Perforce has a centralised client/server architecture, with no client-side caching of any data. Unlike modern revision control tools, Perforce requires that a user run a command to inform the server about every file they intend to edit.

The performance of Perforce is quite good for small teams, but it falls off rapidly as the number of users grows beyond a few dozen. Modestly large Perforce installations require the deployment of proxies to cope with the load their users generate.

In order, I say, “bullshit”, “feature”, “buy a server, dude”, and “you’re doing it wrong”.

In fairness, the author admits up front that his comments about other tools are based only on his personal experience and biases, and the inline comments for this section point out its flaws. Still, it’s clear that his personal experience with Perforce was… limited. Also, he’s either not aware of the features it has that Mercurial lacks, or simply discounts them as “not relevant to the way Our Kind Of People work”.

I’m not criticizing the tool itself, mind you; I’ve tried out several distributed SCMs in the past few years, and Mercurial seems to be fast, stable, easily extensible, and well-supported. I’m switching several of my Japanese projects to it from Bazaar, and it cleanly imported them. It handles Unicode file names and large files a lot better, which were causing me grief in the other tool.

There are things I can’t do in Mercurial that I do in Perforce, though, and some of them will likely never be possible, given the design of the tool. [Update: for-instance deleted; it appears that if you always use the -q option to hg status, you avoid walking the file system, and you can set it as a default option on a per-repository basis. If the rest of the commands play nice, that will work. The real value of explicit checkouts, even in that example, is the information-sharing, something that devs often value less than Operations does.]

ORK4


Just for amusement…

ORK4 QRcode

Ding!


Vlc hits version 1.0. Now they can start working on the user interface!

Using Abbyy FineReader Pro for Japanese OCR


[Update: if you save your work in the Finereader-specific format, then changes you make after that point will automatically be saved when you exit the application; this is not clear from the documentation, and while it’s usually what you want, it may lead to unpleasant surprises if you decide to abandon changes made during that session.]

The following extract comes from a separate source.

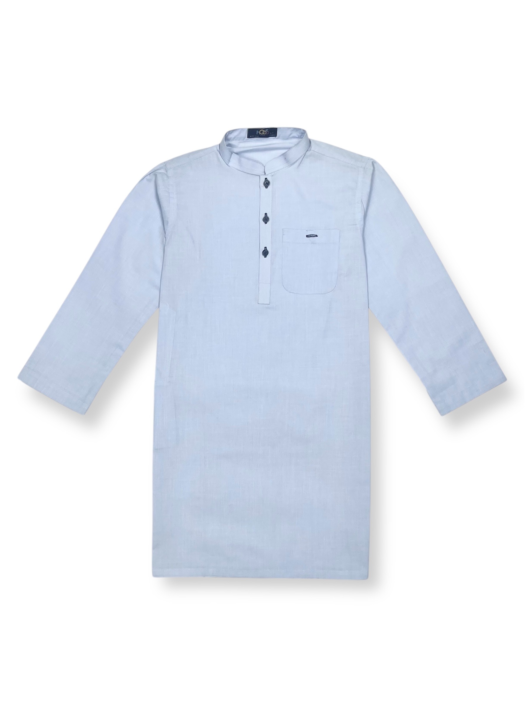 This sky blue boys’ kurta is crafted from soft, breathable cotton fabric, ensuring maximum comfort for all-day wear. The lightweight material keeps your little one cool and relaxed, making it perfect for both casual and semi-formal occasions.
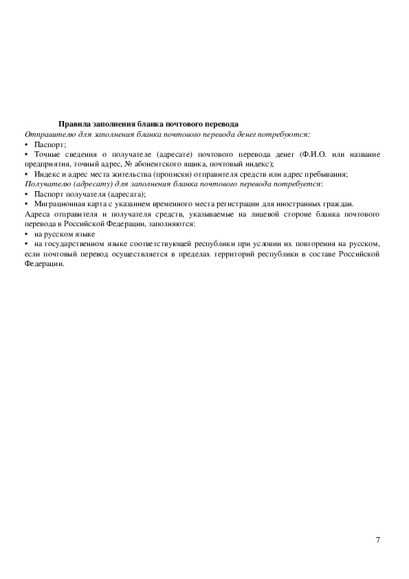 Получателю (адресату) для заполнения бланка почтового перевода потребуется:

After several days with the free demo, in which I tested it with sources of varying quality and tinkered with the options, I bought a license for FineReader Pro 9.0 (at the competitive upgrade price for anyone who owns any OCR product). I then spent a merry evening working through an album where the liner notes were printed at various angles on a colored, patterned background. Comments follow:

  • Turn off all the auto features when working with Japanese text.
  • In the advanced options, disable all target fonts for font-matching except MS Mincho and Times New Roman. Don't let it export as MS Gothic; you'll never find all of the ー/一 errors.
  • Get the cleanest 600-dpi scan you can. This is sufficient for furigana-sized text on a white background.
  • Set the target language to Japanese-only if your source is noisy or you're sure there's no random English in the text. Otherwise, it's safe to leave English turned on.
  • Manually split and deskew pages if the separation isn't clean in the scan.
  • Adjust the apparent resolution of scans to set the output font size, before you tell it to recognize the text.
  • Manually draw recognition areas if there's anything unusual about your layout.
  • Rearrange the windows to put the scan and the recognized text side-by-side.
  • Don't bother with the spell-checker; it offers plausible alternative characters based on shape, but if the correct choice isn't there, you have to correct it in the main window anyway. Just right-click as you work through the document to see the same data in context.
  • You can explicitly save in a FineReader-specific format that preserves the entire state of your work, but it creates a new bundle each time, and it won't overwrite an existing one with the same name. This makes it very annoying when you want to simply save your progress as you work through a long document; each new save includes a complete copy of the scans, which adds up fast.
  • If you figure out how to get it stop deleting every full-width kanji whitespace character, let me know; it's damned annoying when you're trying to preserve the layout of a song.
  • Once you've told it to recognize the text, search the entire document for these common errors:
    • っ interpreted as つ and vice-versa
    • ー interpreted as 一 and vice-versa; check all other nearby katakana for "small-x as x" errrors while you're at it
    • 日 interpreted as 曰
    • Any English-style punctuation other than "!", ":", "…", or "?"; most likely, they should be the katakana center-dot, but it might have torn a character apart into random fragments (rare, unless your background is noisy).
    • The digits 0-9; if your source is noisy, random kanji and kana can be interpreted as digits, even when English recognition is disabled.
  • Delete any furigana it happens to recognize, unless you're exporting to PDF; it just makes a mess in Word.
  • In general, export to Word as Formatted Text, with the "Keep line breaks" and "Highlight uncertain characters" options turned on.
  • If your text is on a halftoned background and you're getting a lot of errors, load up the scan in Photoshop, use the Strong Contrast setting in Curves, then try out the various settings under Black & White until you find one that gets rid of most of the remaining halftone dots (I had good luck with Neutral Density). After that, you can Despeckle to get rid of most of the remaining noise, and use Curves again to force the text to a solid black.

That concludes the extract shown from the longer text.